What you give back from the listing below should be an exact copy of the lines from the one with "in hot days" down to the one with "- Strato 3 –", and it should contain no pictures.
*** Data for analysis Section Begins ***
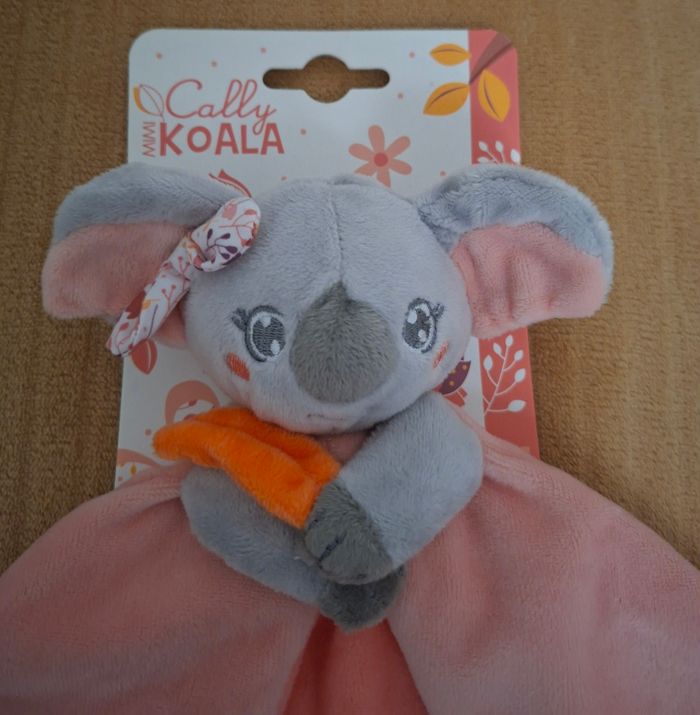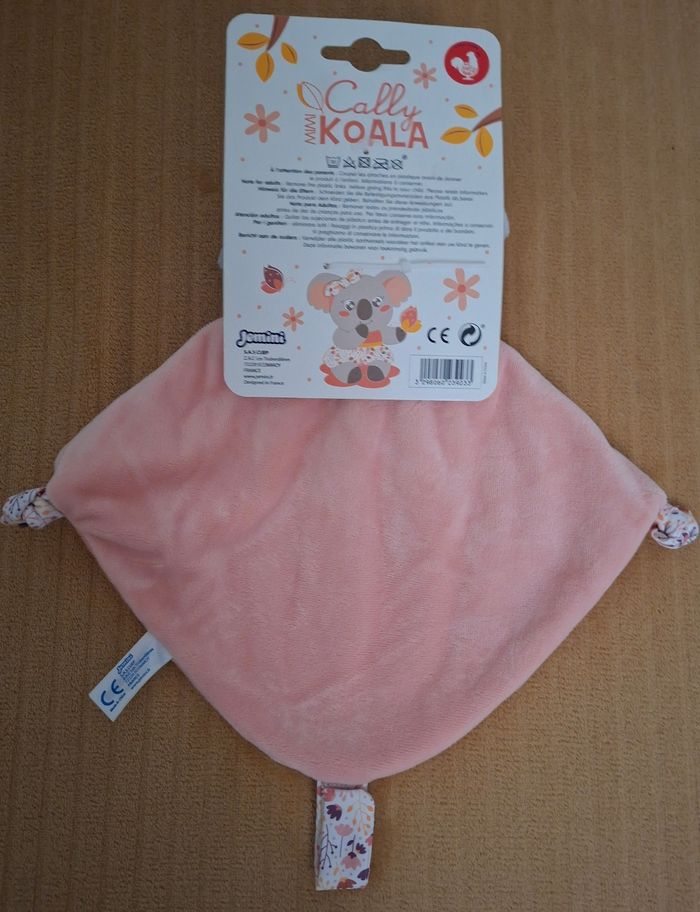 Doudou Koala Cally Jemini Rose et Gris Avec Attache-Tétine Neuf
*** Data for analysis Section Ends ***
*** Data for analysis Section Begins ***
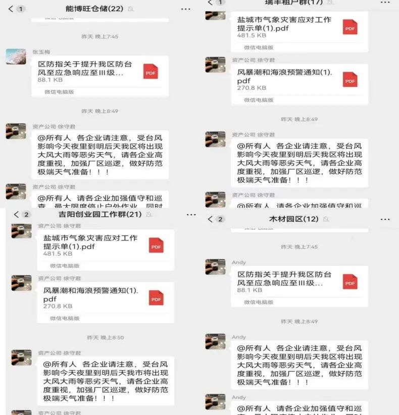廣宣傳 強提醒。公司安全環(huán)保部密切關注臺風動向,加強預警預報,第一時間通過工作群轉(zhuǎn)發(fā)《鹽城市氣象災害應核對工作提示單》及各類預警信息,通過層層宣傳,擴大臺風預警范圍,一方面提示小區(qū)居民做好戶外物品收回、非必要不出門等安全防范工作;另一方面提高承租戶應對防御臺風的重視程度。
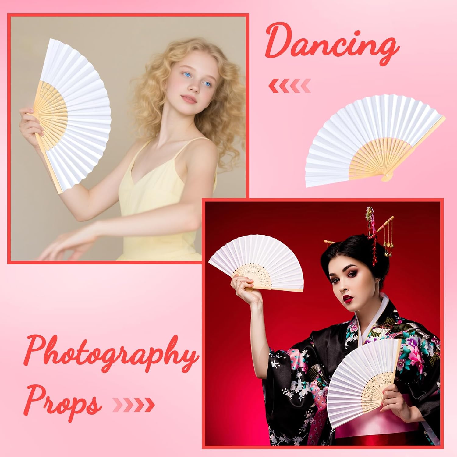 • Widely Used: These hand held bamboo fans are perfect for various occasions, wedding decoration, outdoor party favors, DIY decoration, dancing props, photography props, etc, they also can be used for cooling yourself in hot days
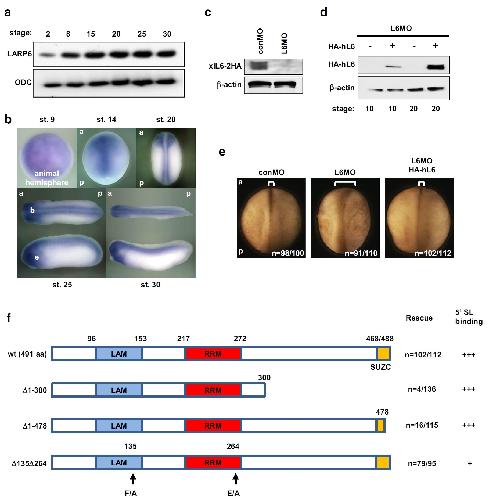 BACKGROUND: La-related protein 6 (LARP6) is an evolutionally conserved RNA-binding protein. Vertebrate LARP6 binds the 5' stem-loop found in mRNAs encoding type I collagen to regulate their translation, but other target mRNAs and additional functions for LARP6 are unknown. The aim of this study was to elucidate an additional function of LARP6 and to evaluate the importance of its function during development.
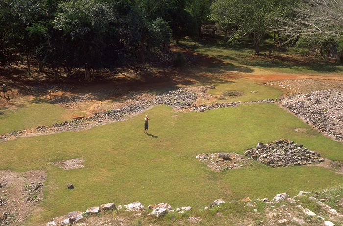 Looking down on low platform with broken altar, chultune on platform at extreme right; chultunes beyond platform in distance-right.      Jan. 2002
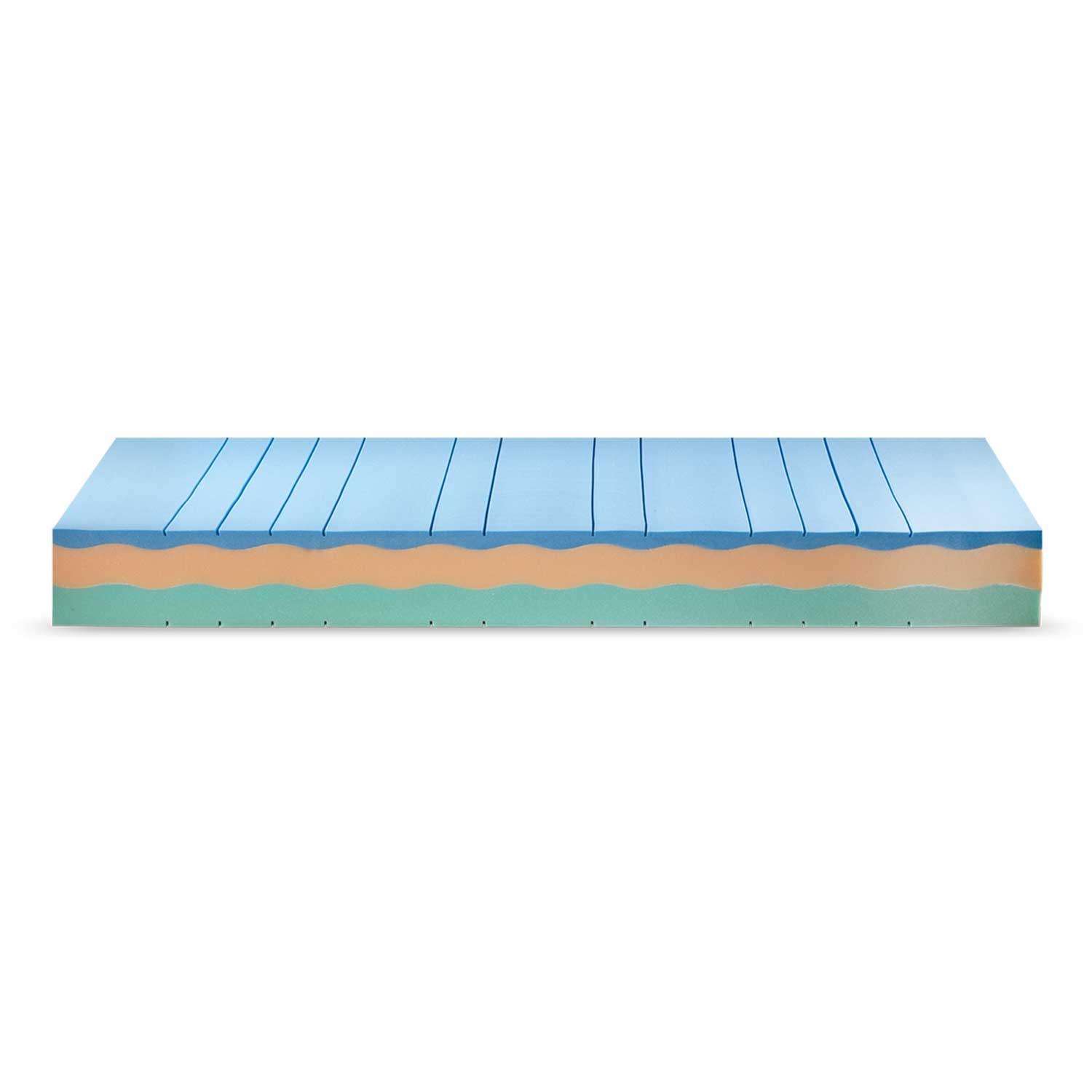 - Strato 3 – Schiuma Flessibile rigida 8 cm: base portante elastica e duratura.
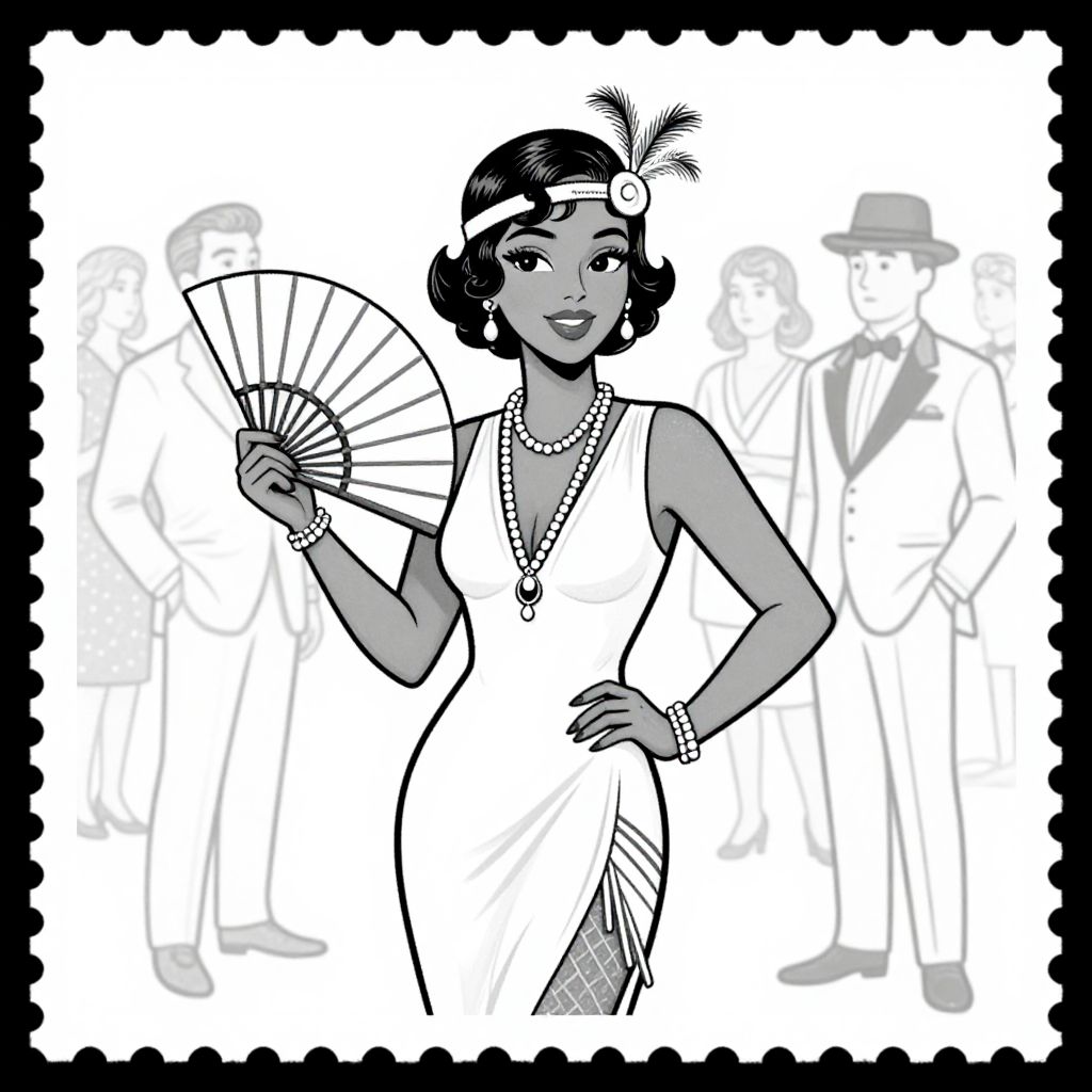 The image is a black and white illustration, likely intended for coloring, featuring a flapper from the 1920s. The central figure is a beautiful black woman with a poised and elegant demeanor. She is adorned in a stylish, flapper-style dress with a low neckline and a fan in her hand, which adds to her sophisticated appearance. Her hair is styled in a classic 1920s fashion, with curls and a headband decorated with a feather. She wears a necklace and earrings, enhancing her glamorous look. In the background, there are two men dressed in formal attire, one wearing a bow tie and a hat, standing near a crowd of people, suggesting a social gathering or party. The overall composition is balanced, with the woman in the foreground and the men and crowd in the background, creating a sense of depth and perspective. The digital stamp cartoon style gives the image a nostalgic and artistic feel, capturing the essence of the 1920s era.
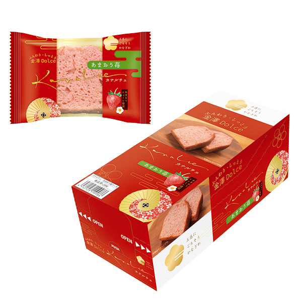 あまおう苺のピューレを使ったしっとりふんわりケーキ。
*** Data for analysis Section Ends ***
*** Data for analysis Section Begins ***
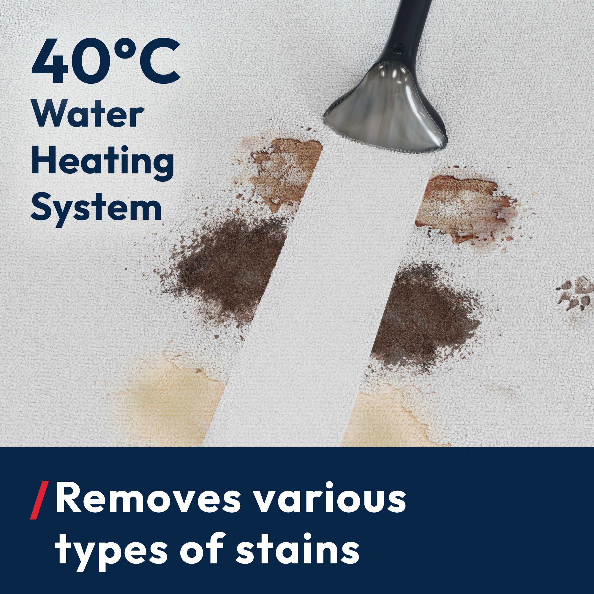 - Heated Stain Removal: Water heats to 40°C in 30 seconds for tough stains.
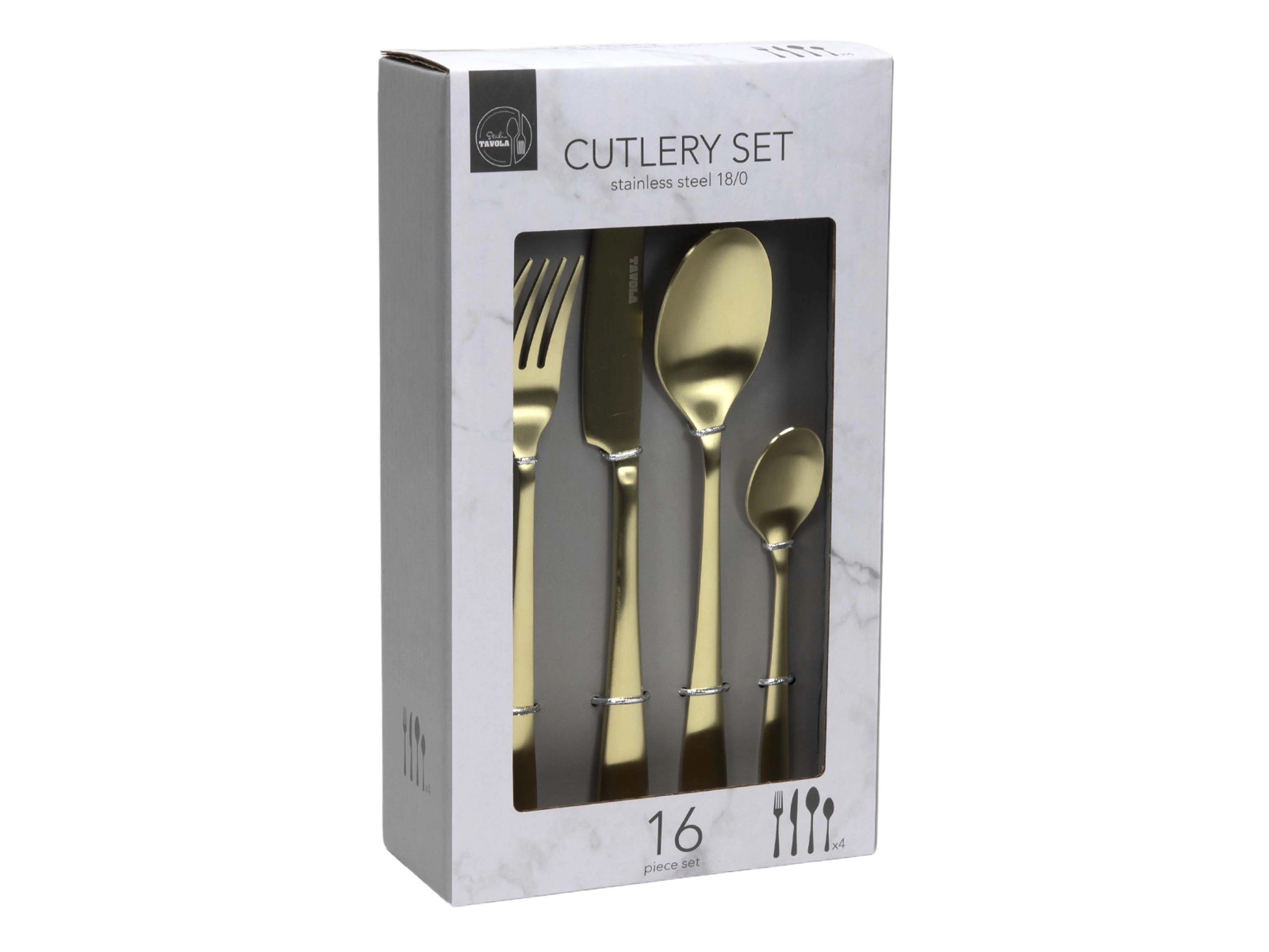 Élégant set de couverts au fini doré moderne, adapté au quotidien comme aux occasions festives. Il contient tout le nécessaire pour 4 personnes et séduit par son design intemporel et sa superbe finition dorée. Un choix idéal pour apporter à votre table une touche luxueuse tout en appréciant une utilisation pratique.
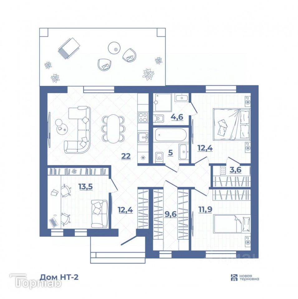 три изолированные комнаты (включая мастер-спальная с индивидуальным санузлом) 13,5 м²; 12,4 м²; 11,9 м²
*** Data for analysis Section Ends ***
Your solution:
 • Widely Used: These hand held bamboo fans are perfect for various occasions, wedding decoration, outdoor party favors, DIY decoration, dancing props, photography props, etc, they also can be used for cooling yourself in hot days
 BACKGROUND: La-related protein 6 (LARP6) is an evolutionally conserved RNA-binding protein. Vertebrate LARP6 binds the 5' stem-loop found in mRNAs encoding type I collagen to regulate their translation, but other target mRNAs and additional functions for LARP6 are unknown. The aim of this study was to elucidate an additional function of LARP6 and to evaluate the importance of its function during development.
 Looking down on low platform with broken altar, chultune on platform at extreme right; chultunes beyond platform in distance-right.      Jan. 2002
 - Strato 3 – Schiuma Flessibile rigida 8 cm: base portante elastica e duratura.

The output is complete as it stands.